From plausible plan to evidence based
Last of three this week on AI tooling in product development. Post one was the PRD workflow. Post two was using the tools to understand our own system. This one is about what the tools get wrong — and why that turned out to be the most useful part.
Midway through the PRD session I described in my first post, the AI had been reading our codebase and mapping out which parts of the system were built and which still needed work. It kept describing one component as "fully functional" and "already working." Confident tone. Clean summary. The kind of output you nod at and move on.
I asked: "What makes you think it is working at the moment?" Turns out it had found code on both sides — frontend components that make API calls, and backend routes that should serve them. But it had never seen the system running. No test results, no logs. It had inferred from the existence of code that the code must be working.
When I pushed, it said "I don't have evidence that it's working. I have evidence that code exists on both sides, and I made an assumption."

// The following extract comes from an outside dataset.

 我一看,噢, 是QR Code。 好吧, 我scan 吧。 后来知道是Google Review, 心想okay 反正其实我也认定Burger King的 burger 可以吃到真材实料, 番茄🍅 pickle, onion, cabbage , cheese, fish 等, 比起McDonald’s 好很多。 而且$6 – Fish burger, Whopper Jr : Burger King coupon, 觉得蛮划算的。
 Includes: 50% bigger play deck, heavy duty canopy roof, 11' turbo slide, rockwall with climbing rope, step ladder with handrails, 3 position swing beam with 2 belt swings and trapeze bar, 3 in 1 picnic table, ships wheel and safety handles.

That moment was more valuable than any of the analysis it got right. And it happened more than once. At another point it described a system as "primarily talking to the old API." I asked how it knew. Turned out the routing configuration that would actually answer that question lives outside the repos it had access to — so it had filled in the gap with a reasonable-sounding guess.
I challenged a few other claims and each time it went back, dug deeper, and came back with something more complete and precise.

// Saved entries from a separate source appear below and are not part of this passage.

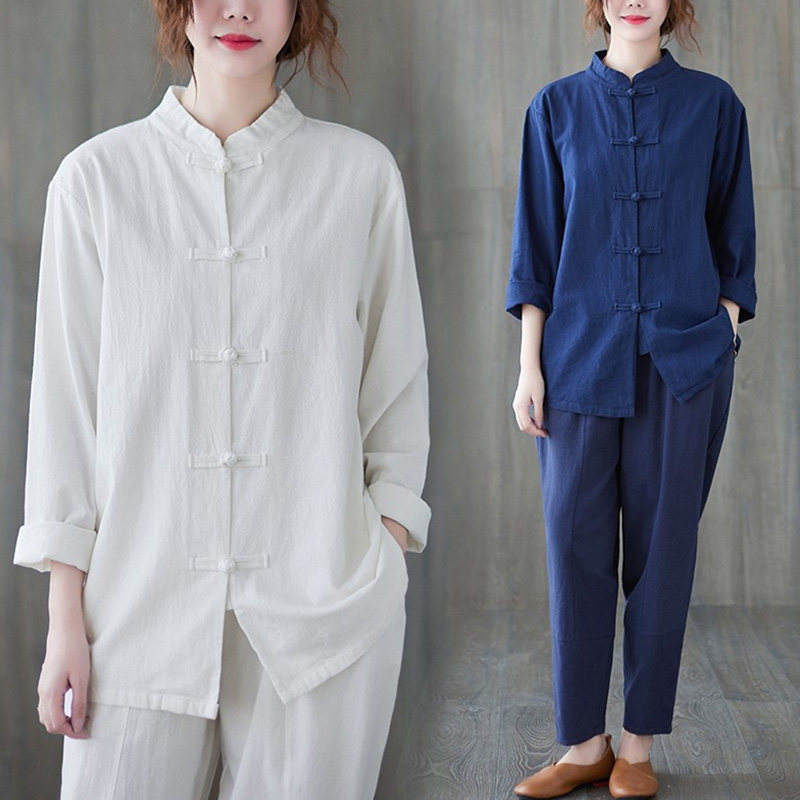 Ретро термобелье, куртка, из хлопка и льна, китайский стиль, оверсайз
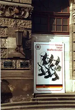 Offizielle Staatsideologie war der Marxismus-Leninismus. In der zeitgeschichtlichen Forschung wird das Herrschaftssystem in der DDR mal als realsozialistisch,[8] mal als kommunistisch[9] bezeichnet. Die Machthaber nannten die DDR einen „sozialistischen Staat der Arbeiter und Bauern“ und deutschen „Friedensstaat“[10] und nahmen für sich in Anspruch, die DDR habe die Wurzeln für Krieg und Faschismus beseitigt. Antifaschismus wurde zu einer Staatsdoktrin der DDR.
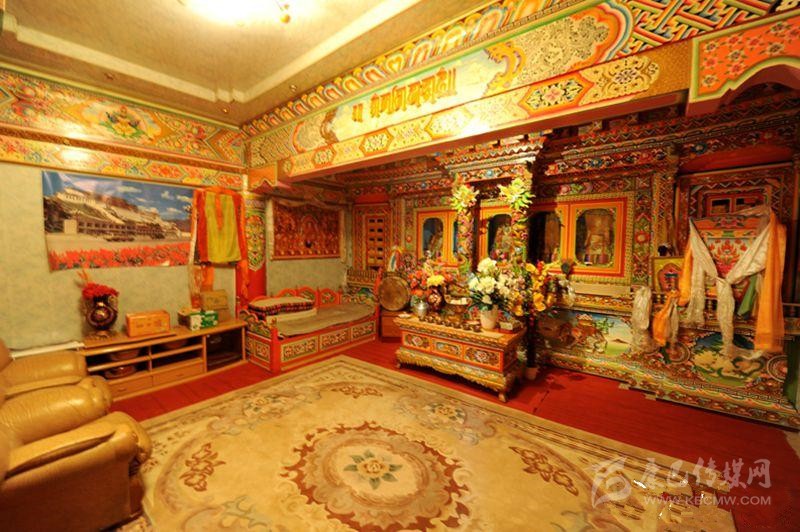 藏族居室一般分臥室、客廳、經(jīng)堂和廚房等部分。室內(nèi)陳設(shè)與裝飾如藏式建筑學(xué)者葉啟燊所言:“主次分明,重點突出。主室較為復(fù)雜而樸素,經(jīng)堂偏于華麗而清幽,其余各室均較簡單。室內(nèi)都不施粉刷,但有個別的經(jīng)堂作雕刻裝飾;土司和喇嘛上層的經(jīng)堂則會作油漆的彩畫?!辈貐^(qū)不論是農(nóng)牧民住宅還是貴族上層府邸都有供佛的設(shè)施,經(jīng)堂屬于凈地,是專門供奉神佛的,因此,一般不作他用;主室是藏族住宅中最重要的一個房間,也是功能最多的房間,其中有生活、睡眠、飲食等所需的爐灶、壁櫥、壁架、矮桌、火盆等。這些藏式家具的布置安放,早已形成一定之規(guī)。
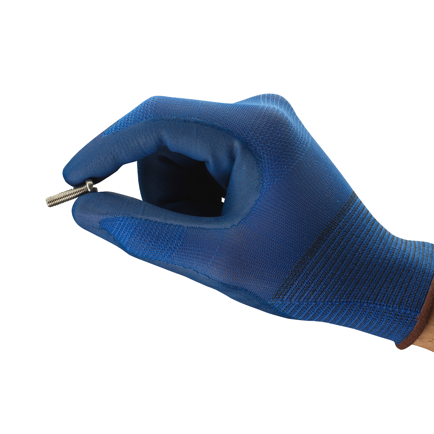 - Unter rauen Arbeitsbedingungen hat die extrem dünne FORTIX?- Nitrilschaumschicht eine dreimal längere Lebensdauer als vergleichbare Handschuhe und senkt somit die Gesamtbetriebskosten.- Die FORTIX?-Beschichtung bewirkt einen verstärkten Trockengriff und zeichnet sich durch eine um 20 % grössere Atmungsaktivität als frühere Formulierungen aus. Das Ergebnis: Kühlere, trockenere Hände, weniger Schweissbildung. - Das nahtlose Nylon-Spandex-Trägermaterial mit einer Fadenstärke von 18 Gauge vermittelt ein Arbeitsgefühl fast wie mit blossen Händen und ermöglicht den Fingerspitzen die Tastsensibilität, die für komplexe Feinarbeiten erforderlich ist. - Die ZONZ Comfort Fit Technology von Ansell passt das Trägermaterial für eine erhöhte Trägerleistung, Atmungsaktivität und Bewegungsfreiheit der anatomischen Form der Hände an. Mit einer Abriebfestigkeit der EN-Stufe 3 bietet der extrem leichte HyFlex 11-818 den idealen Schutz bei Allgemein- und Montagearbeiten.- Silikonfreies Material bedeutet: Keine Verunreinigung von Metallteilen vor Lackierarbeiten durch eine Übertragung von freigesetzten Silikonpartikeln.
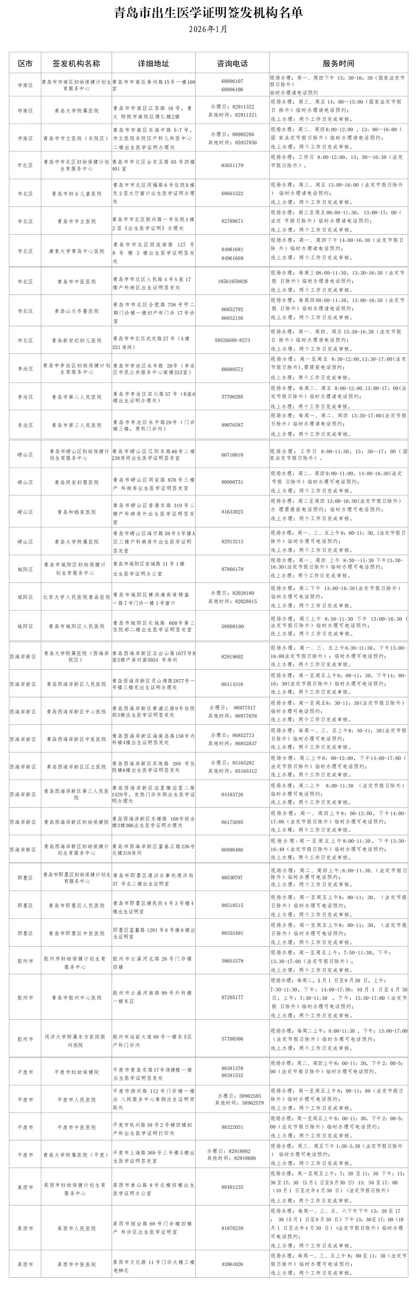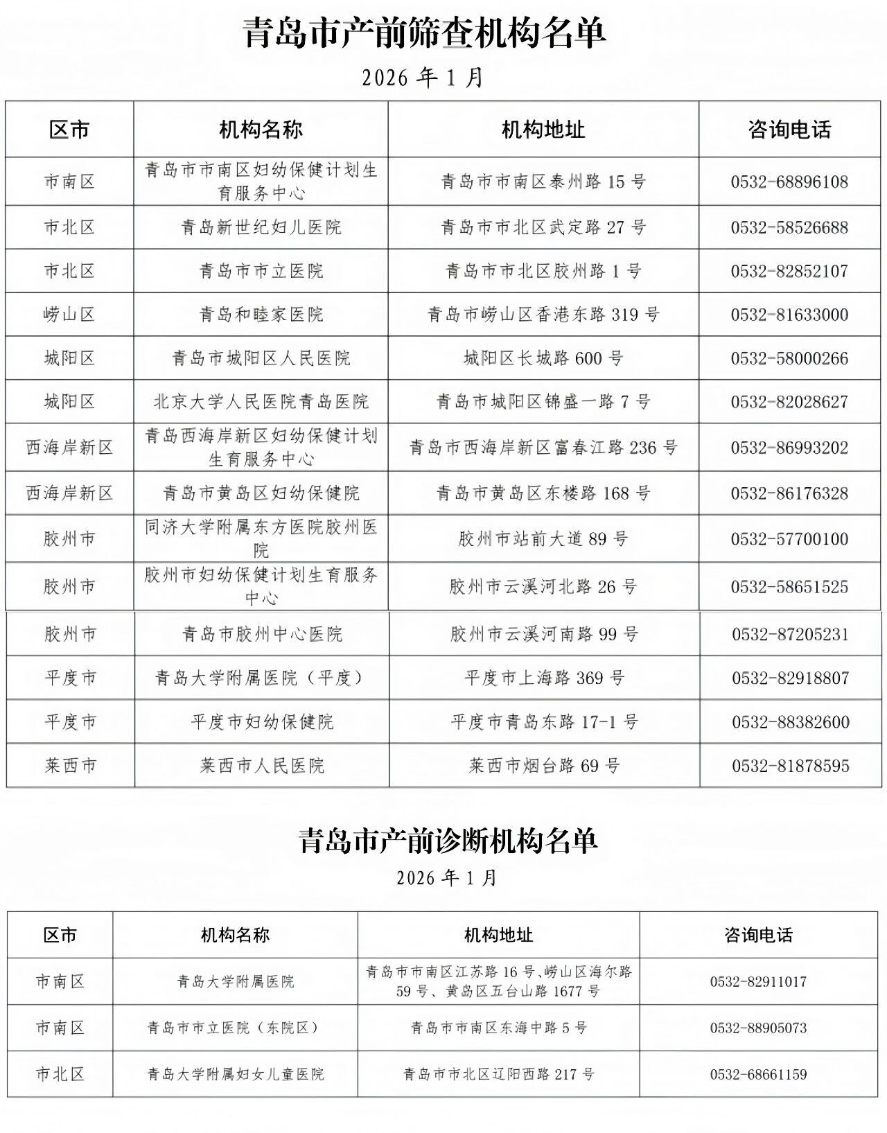 @青岛人,事关生娃,这些名单收藏好! 2026-02-06 09:00 青岛卫生健康 我要评论0 字号: 青岛市出生医学证明签发、委托管理机构名单 青岛市助产机构名单 青岛市产前筛查、产前诊断机构名单 责任编辑:王逸群 微笑 流汗 难过 羡慕 愤怒 流泪 复制网址 打印 收藏 分享到: 0

I think the thing people forget when working with these tools is that the output always sounds authoritative. The prose is clean, the structure is logical, and uncertain conclusions get presented with the same confidence as verified facts.
If you don't bring your own knowledge and quality bar to the conversation, you end up with a document that reads beautifully and is built on guesses nobody questioned.
The PRD we ended up with was significantly more useful than the first version.
Not because I rewrote it — because I kept asking questions and the AI kept revising. Much faster than I ever could.
It went from being a plausible plan to something grounded in actual evidence. But only because someone kept insisting on the critical difference between "code exists" and "code works."


Always brilliant Kendra. This is exactly what I find when pointing AI at code (as I'm doing right now because I have a cold and my partner has abandoned me for the day... humph).
Your experience was with a PRD, but the same pattern shows up in direct engineering or in architecture solutions. It's that point about the output always sounding authoritative, which is the key thing, and it's a bit scary.
Uncertain conclusions are presented with the same confidence as facts. Until that AI gets "better", or you have a second AI as a judge to identify where it might be making assumptions, it speaks to the person working with the AI having some relevant knowledge to spot when it's filling a gap with a plausible-sounding "guess".
It always came back to asking it questions because something had a "smell" that triggered me.
But the bits where it was good: taking a different git project, parsing it to understand the logic, and converting that into a Mermaid sequence diagram so I could understand and use the API correctly, and then feeding it my client API logs. That stuff is a lifesaver.